Pulmonary hypertension
HIV is an independent risk factor for the development of pulmonary hypertension. The true incidence is not known, but reported incidence in symptomatic patients is 0.3-0.5%, i.e. more than 50 times that in the general population. The precise pathogenesis is unknown. The stage of HIV infection is unrelated to the development and progression of pulmonary hypertension and it may predate the diagnosis of HIV disease. Found most commonly in young ♂. Progressive dyspnoea followed by ankle oedema are the usual presenting features. Diagnosed after excluding other causes, e.g. thrombo-embolism, talc granuloma (particularly in IDUs). Echocardiogram may show RV dilatation and right heart vascular studies may be required to confirm the diagnosis. The response to pulmonary vasodilator agents, antiretroviral drugs, and anticoagulation therapy is variable. The prognosis is poor compared with 1° pulmonary hypertension. Inconsistent reports of improvement with HAART.
Venous thrombosis
↑ risk of venous thromboembolic disease leading to deep venous thrombosis and consequently pulmonary embolism. Related to changes in coagulation (
Chapter 51, Haematological disorders p. [link]).
Cardiac neoplasia
Kaposi’s sarcoma
In autopsy studies, mostly ♂ who have sex with ♂ (MSM) incidence of cardiac KS prior to HAART was 12–28% (usually part of disseminated involvement). Typical cardiac sites are the visceral layer of serous pericardium or sub-epicardial fat (especially beside a major coronary artery). Clinical features are often negligible. May cause pericardial effusion which can produce cardiac tamponade requiring emergency paracentesis. If suspected, diagnosis can be confirmed by biopsy through a pericardial window which also provides decompression.
Non-Hodgkin’s lymphoma
Usually part of disseminated neoplasia rather than primary cardiac lymphoma (very rare). Typically high grade with spread often early in those with AIDS. Any heart chamber may be involved but right atrium is the most common.

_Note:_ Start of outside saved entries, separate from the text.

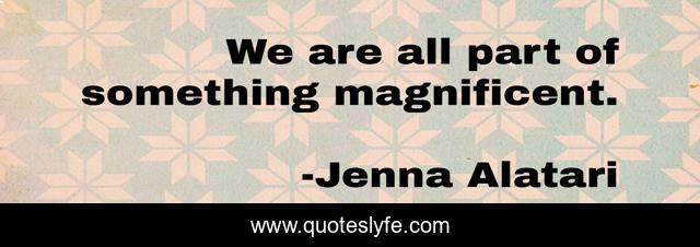 "Jenna Alatari Quotes." Quoteslyfe.com, 2025. Fri. 05 Dec. 2025. <https://www.quoteslyfe.com/quote/We-are-all-part-of-something-magnificent-148114>.
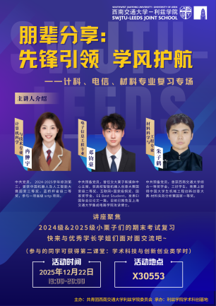 作为利兹学院深耕学风建设、赋能科创育人的核心平台,学术科创基地(以下简称ATIB)始终以“厚植学术底蕴、激发科创活力”为导向,紧扣学生成长需求推进工作。2025年,ATIB通过搭建学术桥梁、强化榜样引领、聚焦科创赋能的递进式培育路径,落地30余场学术活动、50余场朋辈分享,助力学子斩获多项国家级科创奖项,为学院学风建设与科创育人提质增效筑牢支撑。
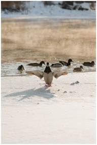 A group of ducks swimming in a partially frozen lake with a snowy shoreline during winter.
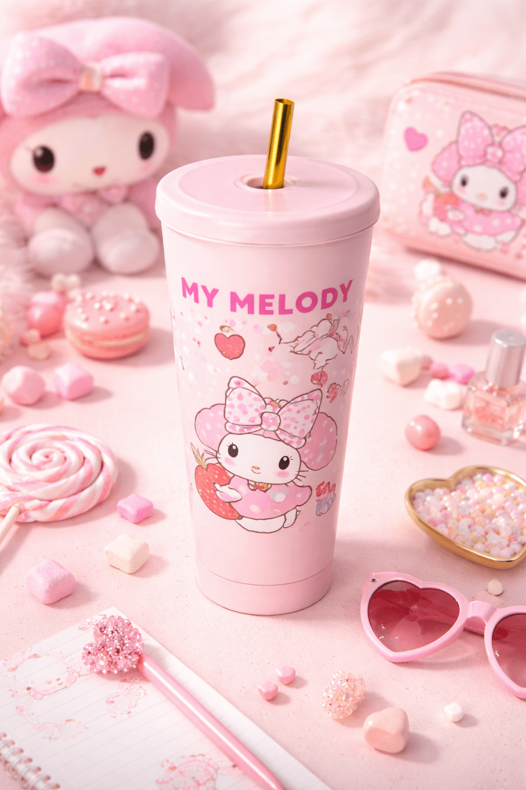 Add a touch of sweetness to your sips with this adorable My Melody Pink Tumbler! Featuring My Melody with her signature bow, strawberries, and hearts, this kawaii drinkware is the perfect accessory for Sanrio fans who love everything cute and pink.

Usually no specific symptoms but may present with progressive congestive heart failure, pericardial effusion, cardiac arrhythmia, or cardiac tamponade. Nodular or polypoid lymphomas may appear, predominantly involving the pericardium with variable myocardial infiltration. Their removal may alleviate mechanical obstruction. Prognosis is poor, although clinical remission has been observed with combination chemotherapy.
Vascular disease
May be directly caused by HIV with infected monocytes and macrophages producing atheroma by adhesion or angiitis. HAART, especially containing protease inhibitors (PIs), except atazanavir, may cause hyperlipidaemia leading to atherosclerosis and thrombosis. Hyperlipidaemia is found to a lesser extent with the nucleoside/nucleotide reverse transcriptase inhibitors (especially stavudine) and the non-nucleoside reverse transcriptase inhibitors. Insulin resistance (associated with PIs) is an independent risk factor for myocardial infarction and death. The risk of myocardial infarction is ~3 times that of ♂ in the general population if PIs are used for ≥30 months. Abacavir and didanosine have also been associated with ↑ cardiovascular risk. Abacavir has been associated with a 1.9-fold increased risk from other NRTIs; this is enhanced in those with an already high cardiovascular risk. Other cardiovascular risk factors are important to consider, especially cigarette smoking as higher rates have been reported in MSM with HIV infection. Therefore advice on low-fat diets, regular exercise, blood pressure control, lipid-lowering drugs, and smoking cessation are important in patient care.